Calculate dH for the previous reaction.

A. -98.68 kJ/mol

B. 98.68 kJ/mol

C. -217.32 kJ/mol

D. 217.32 kJ/mol

Answer 1

Given chemical transformation (Decomposition)

       PbO(s) ---> Pb(s) + ½ O2(g)

And given data,

ΔH (PbO) = -217.32 kJ, ΔH (Pb) = 0 kJ and ΔH (O₂) = 0 kJ

Let us calculate ΔH for given decomposition is,

ΔH = ∑ ΔH(products) - ∑ ΔH(reactant)

ΔH = [ΔH (Pb) + ½ ΔH (O₂)] –[ ΔH (PbO)]

ΔH = [(0) + ½ (0)] – [-217.32]

ΔH = 0 – (-217.32)

ΔH = +217.32 kJ.

Hence the enthalpy change for given decomposition (i.e. reaction in forward direction) is +217.32 kJ.
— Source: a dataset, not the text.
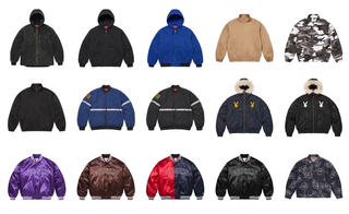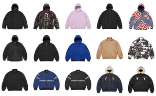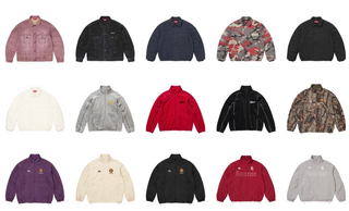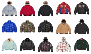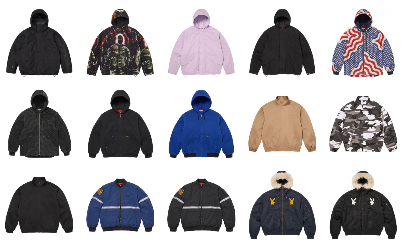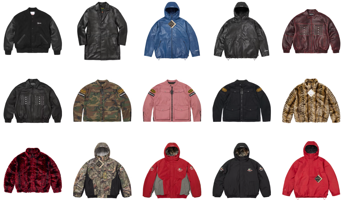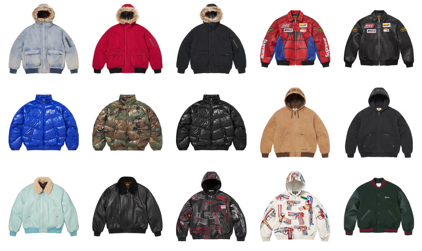 The lookbook highlights a mix of bold prints and classic staples ncluding collaborative pieces with Marvel's Spider-Man. Graphic-heavy tops sit alongside more minimal logo treatments, while patterned button-ups and sports-inspired jerseys nod to Supreme’s long-standing connection to skate and athletic aesthetics. Outerwear remains a focal point, with leather jackets, racing-style pieces, varsity silhouettes, and fur-trimmed parkas adding structure to the lineup.
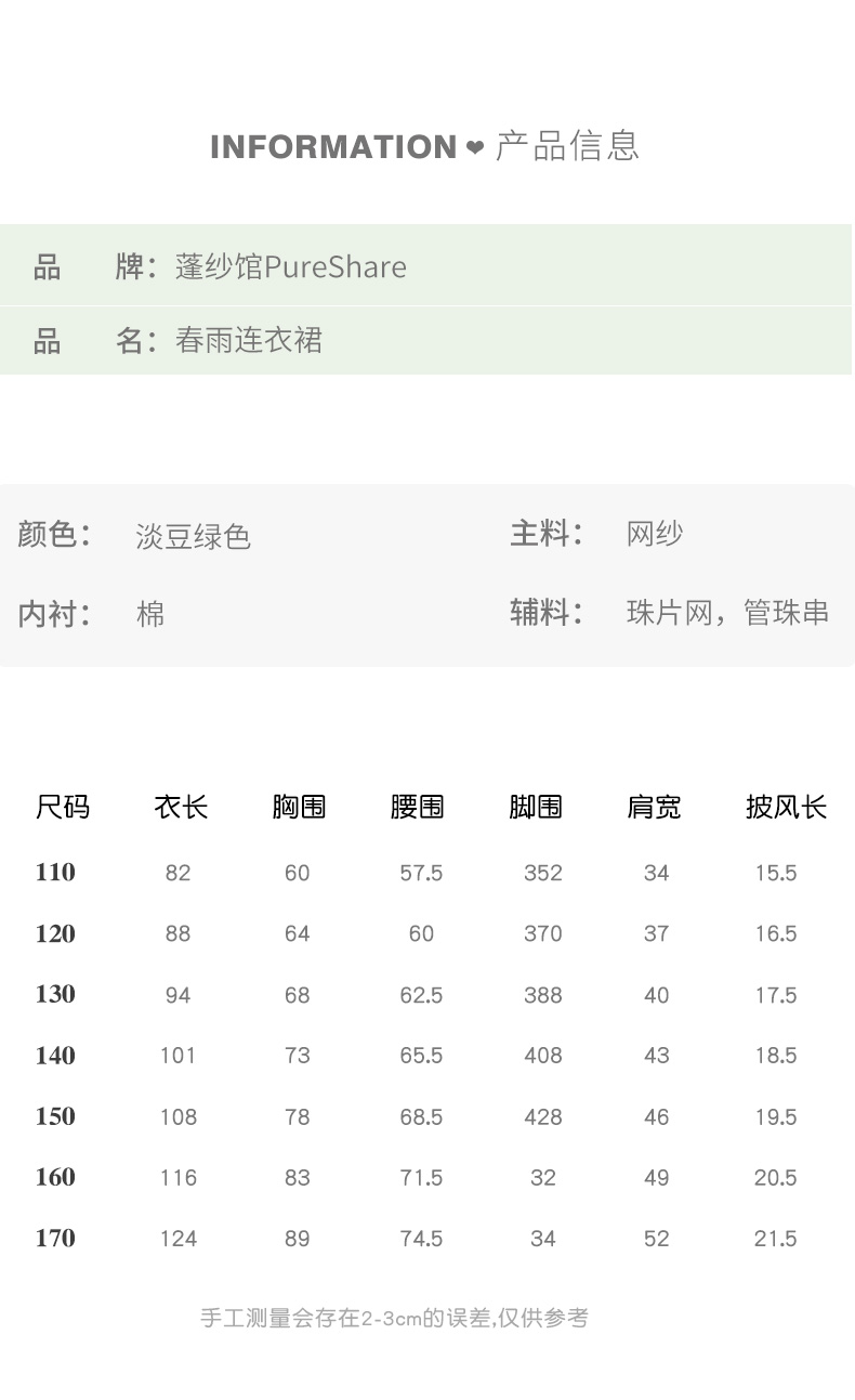 pureshare蓬纱馆 春雨连衣裙女童礼服裙夏季

For reverse reaction i.e. formation of PbO from Pb and O2 the enthalpy change (ΔH) will be equal in magnitude but with reverse in sign I.e. -217.32 kJ.

Not: Standard Gibbs energy and standard entropy changes are not required. With those values also we will reach to the same answer. This extra data would be of use if standar enthalpy changes ΔH values if not provided or known.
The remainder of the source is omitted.